Dylan object references are in general represented by a pair of words, the
descriptor and the data:
 -- The "Descriptor" always points directly at the header of a tagged Dylan
    object.  The class of the object is uniformly accessed by indirecting the
    header.
 -- The "Data" is a word of "immediate" data which is not interpreted by the
    garbage collector.

There are three general kinds of object references:
  Heap object pointer:
    Represents any pointer to an object in the Dylan heap.  The "Data" word is
    unused, and its contents are undefined.

  Immediate object:
    Represents immutable objects that fit into the "Data" word, like integer
    and single-float.  The "Descriptor" is a "Type Proxy" which usually only
    carries type information.  (Probably <integer> is one word with error on
    overflow.)

  External object pointer:
    Represents pointers to objects outside of the Dylan heap, used for
    interoperation with other languages and interface to persistent storage.
    The "Descriptor" is a "Type Proxy" which carries our understanding of the
    foreign object's class and type.

What are the advantages of this representation?
 -- Direct, cons-free access to external objects and operations.  Full word
    integers and pointers can be passed with no range or alignment
    constraints, and no risk of unpredictable (or any) consing.  Also, typed
    external object references (what we now call Alien values) are never
    consed either, allowing non-scalar external objects to passed around
    freely with no risk of consing.
 -- There are no tags in the descriptor, so getting the class of an object
    (for generic function dispatch) is always a single memory reference.
 -- An unbounded number of immediate types.  Since there are no scarce tag
    bits, we could do thinks like have an immediate <point> object with two
    16bit X&Y values.
 -- Non-consing single-floats for numeric code.
 -- Efficient integer code without any need for a sub-word "fixnum" type.

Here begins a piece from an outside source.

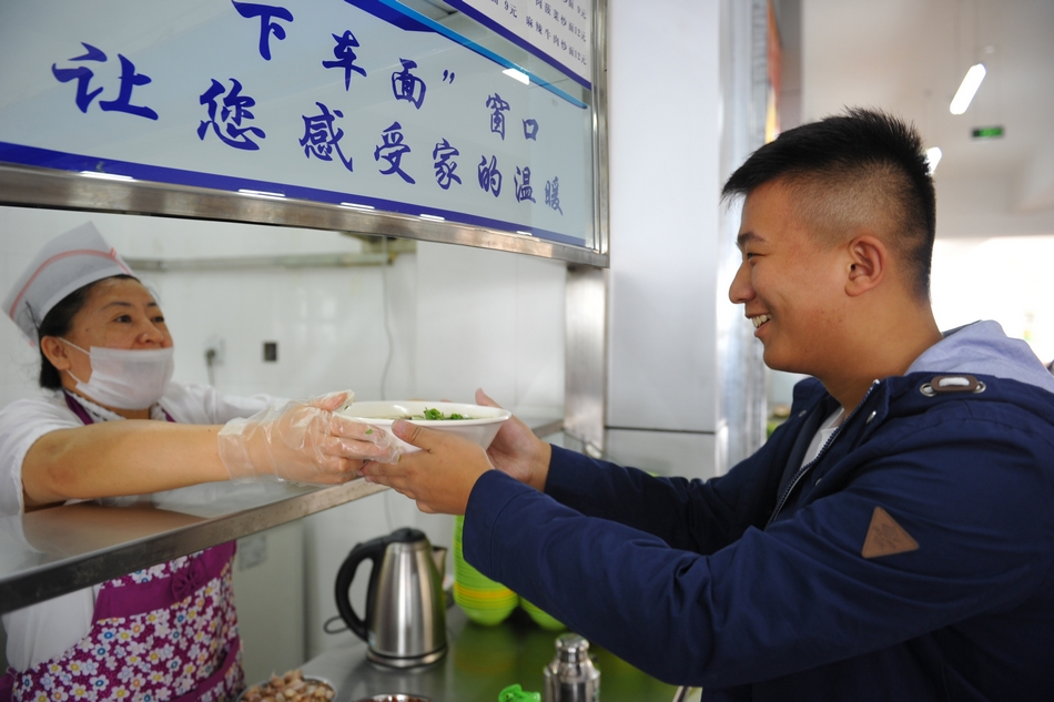 本网讯(记者 何振东)“下车面”也叫“回家面”,是我国北方的民间出行习俗,一碗香喷喷的面条为远行者接风洗尘,一根根细细的面条相当于生活中的线,也寓意着牵挂的心终于放下了。正值学校开学之际,黑河学院以一张张热情的笑脸,一句句亲切的问候,欢迎着2015级莘莘学子们的到来。为了让新生一下车就能感受到家的温暖,学校食堂开展了“一碗面”活动,为每一位新生免费送上一碗热腾腾的下车面。

The potential disadvantages of this representation are pretty obvious: objects
might be twice as big and code might take twice as long to run.  If true, that
would be unacceptable; why isn't it true?

First consider space:
 -- Dylan objects won't be entirely composed of object references; strings,
    code and limited collections will form the greater part of the memory
    footprint of most apploactions.  Also, some header and fragmentation
    overheads won't be increased.  As I recall, an analysis of the CMU CL
    image found its size would increase by only 25% if the size of an object
    reference increased from 32 to 64 bits, which is 1/4 of the worst-case
    increase.
 -- The vast majority of object slots will be statically known to be Dylan
    heap pointers, in which case no space is needed for the data word.  How
    so?  Well, if there's almost any type declaration on the slot, then it
    must be a heap pointer.  The type can be any union of non-immediate and
    non-external classes (and singleton or limited types based on those
    classes.)  Since the immediate classes will be sealed, it is easy to tell
    at compile time whether a class might be immediate.  If we only allow
    external classes to inherit other external classes (or <object>), then any
    Dylan class is known to be non-external.
 -- If the value is statically known to be an immediate type, or to be a
    direct instance of a particular external class, then there is no need to
    store the descriptor word.

The only bad space case is with <pair> and <simple-object-vector>, since these
types are defined to hold any <object>.  These objects would effectively
double in size.  However, you can easily get compact vectors of known heap
pointers by using a limited vector type instead of <simple-object-vector>.


What about run-time?
 -- The run-time concern is really already mostly addressed by the space
    discussion.  The main reason for increase in run-time is from moving twice
    as many words.  But we really aren't storing those words very often.
 -- Even in cases where we are forced to allocate space for the data word, we
    often don't need to read or write it.  Often when we are passing an
    argument or storing into a <pair>, we know that the object we are storing
    is a heap pointer, so there is no need to store anything in the data word.
 -- Similarly, on reading if we are expecting a heap pointer (due to a
    type assertion), we can just drop the "data" word on the floor.  Or in
    unsafe code, if an immediate is expected, we can just ignore the
    descriptor.
 -- Even in safe code, we can discard the type proxy for immediate values once
    we've done type checking.  To efficiently "tag" immediates, we probably
    want to make the address of the type proxies well-known constants so that
    we can load them into a register without doing a memory reference.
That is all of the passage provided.